INPUT DATA >>
== == ==

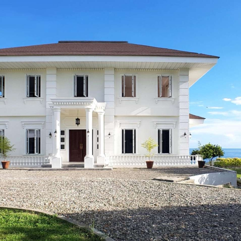 Nestled on an expansive 6,668 square meters (71,774 square feet) of pristine seafront land on the enchanting Panglao Island in the Philippines, ‘Manor by the Sea’ stands as a testament to luxurious coastal living and architectural brilliance. This exceptional estate boasts a clean and unencumbered title, ensuring a seamless transfer of ownership. A significant and highly coveted feature of this property is its direct private access to the sparkling turquoise waters and a seasonal white sand beach, offering residents an exclusive gateway to the natural beauty of the Philippine coastline. The meticulously designed and constructed area of the estate spans an impressive 1,067 square meters (11,485 square feet), encompassing a magnificent manor house, a charming coach house, and additional supporting structures, all set within mature and exquisitely landscaped gardens that frame stunning panoramic views of the sea and the majestic surrounding mountains.
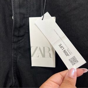 Zara Women's NWT straight leg high rise size 4 black jeans button fly Cotton
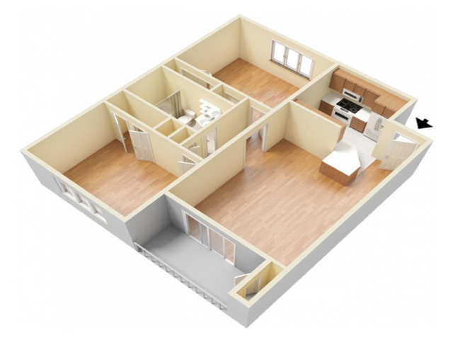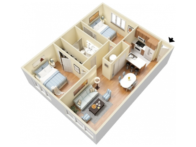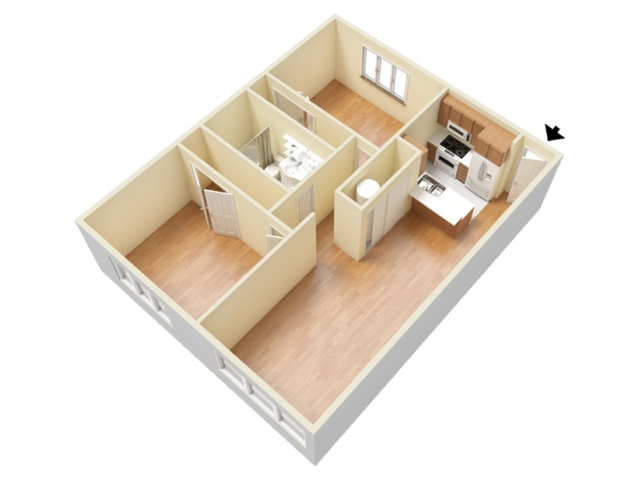 2 Beds, 1 Bath, 770 sq ftAvailable August 17, 2026Largest 2 BedroomThis is the largest 2 Bedroom at this PropertyModel Gallery

== == ==

PROBLEM REQUIREMENTS >> The material above should be returned exactly, without pictures.

ANSWER SECTION >>
 Nestled on an expansive 6,668 square meters (71,774 square feet) of pristine seafront land on the enchanting Panglao Island in the Philippines, ‘Manor by the Sea’ stands as a testament to luxurious coastal living and architectural brilliance. This exceptional estate boasts a clean and unencumbered title, ensuring a seamless transfer of ownership. A significant and highly coveted feature of this property is its direct private access to the sparkling turquoise waters and a seasonal white sand beach, offering residents an exclusive gateway to the natural beauty of the Philippine coastline. The meticulously designed and constructed area of the estate spans an impressive 1,067 square meters (11,485 square feet), encompassing a magnificent manor house, a charming coach house, and additional supporting structures, all set within mature and exquisitely landscaped gardens that frame stunning panoramic views of the sea and the majestic surrounding mountains.
 Zara Women's NWT straight leg high rise size 4 black jeans button fly Cotton
 2 Beds, 1 Bath, 770 sq ftAvailable August 17, 2026Largest 2 BedroomThis is the largest 2 Bedroom at this PropertyModel Gallery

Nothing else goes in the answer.